The convent remained the property of the Theatine Order until 1782, when the order was suppressed and expelled from the Duchy of Este. Its assets were transferred to the Opera Pia. After a brief period of approximately ten years under the Augustinians, the church continued to serve religious functions, while the convent building underwent repeated changes in use. During the Napoleonic era, the former convent was adapted for secular purposes and used as a warehouse, a military barracks, and accommodation for officers. In 1823, it was reassigned as a convitto legale, a residential college for students of law.

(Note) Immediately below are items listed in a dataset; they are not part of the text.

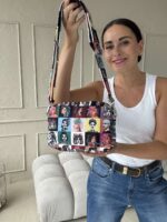 Viduje garbanota pamušalas ir kišenė. Rankinukai lengvi, talpūs ir puikiai nešiojasi. Petnešos ilgis reguliuojasi. Galima nešioti skersai per petį, o galima nešioti ir ant peties. Skalbiasi 30°C.
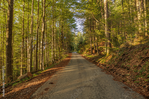 © PhotoMet, Fototapeta premium vista panoramica sull'interno di una bellissima foresta con alti alberi verdi, nelle montagne del nord est Italia, vicino a Tarvisio, di giorno, in primavera, illuminate dalla luce brillante del sole
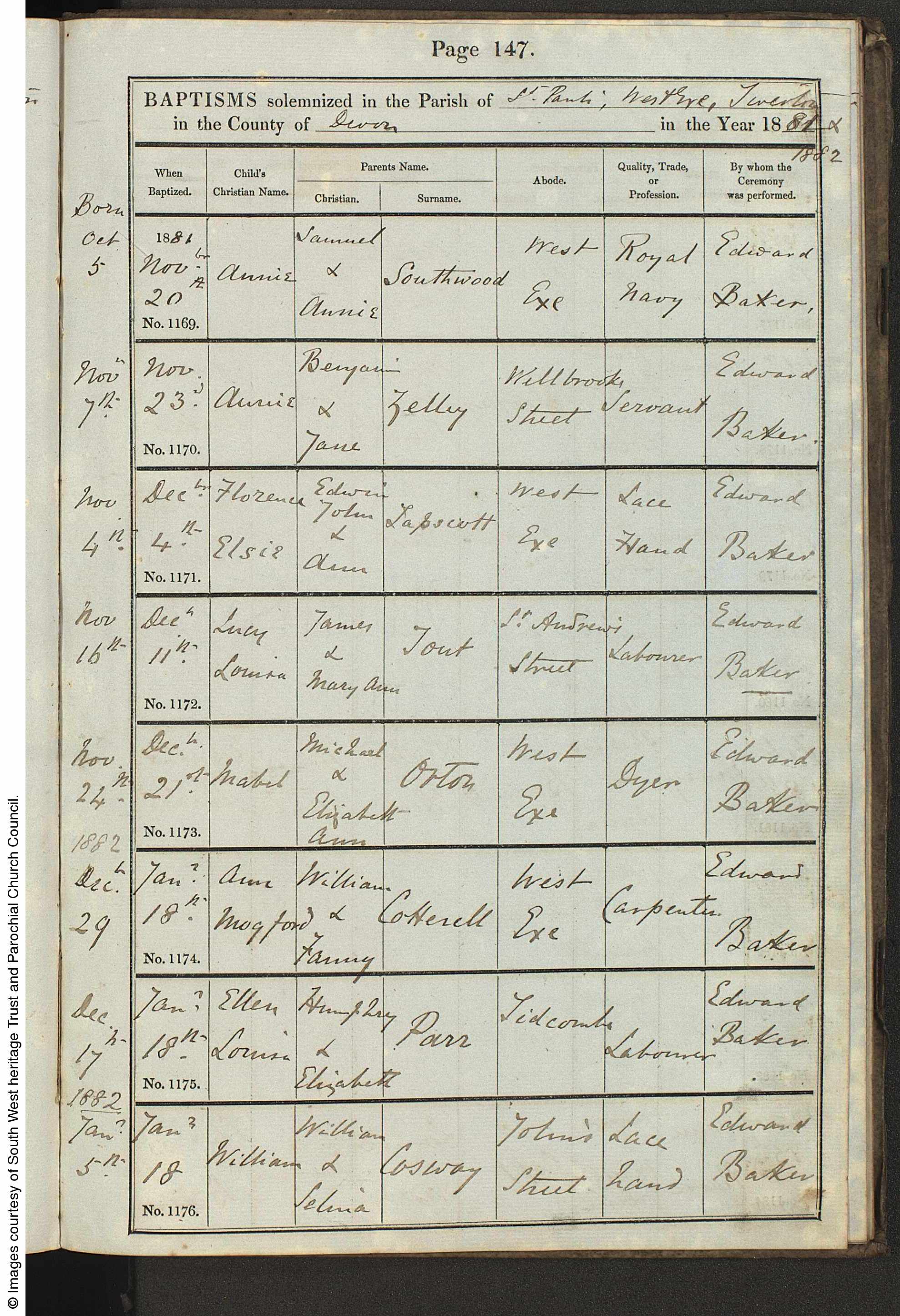 Residence at the time of Marriage: West Exe, Tiverton, Devon, England
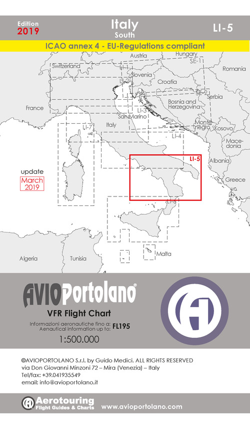 Avioportolano. VFR flight chart LI 5 Italy south. ICAO annex 4 - EU-Regulations compliant. Ediz. italiana e inglese

In the 1960s, the former Theatine convent underwent extensive renovation and was converted into the Modena Courthouse. This change of use followed the decision to demolish the previous courthouse in Piazza Grande, designed by Luigi Giacomelli, which had become inadequate due to spatial constraints and maintenance costs. After the sale and demolition of that building in 1963, and the construction of a new structure on the site designed by Gio Ponti, judicial functions were permanently transferred to the renovated convent.

==Description==
The principal surviving façade of the Modena Courthouse reflects a sober and restrained architectural language. It is horizontally divided into two main sections, each articulated by two different levels of windows. The larger, rectangular windows are framed and decorated with pediments, while the smaller, square windows are simpler in design. The central entrance is emphasized by a strongly projecting rectangular pediment bearing the coat of arms of the Theatines, a reminder of the building's original religious function.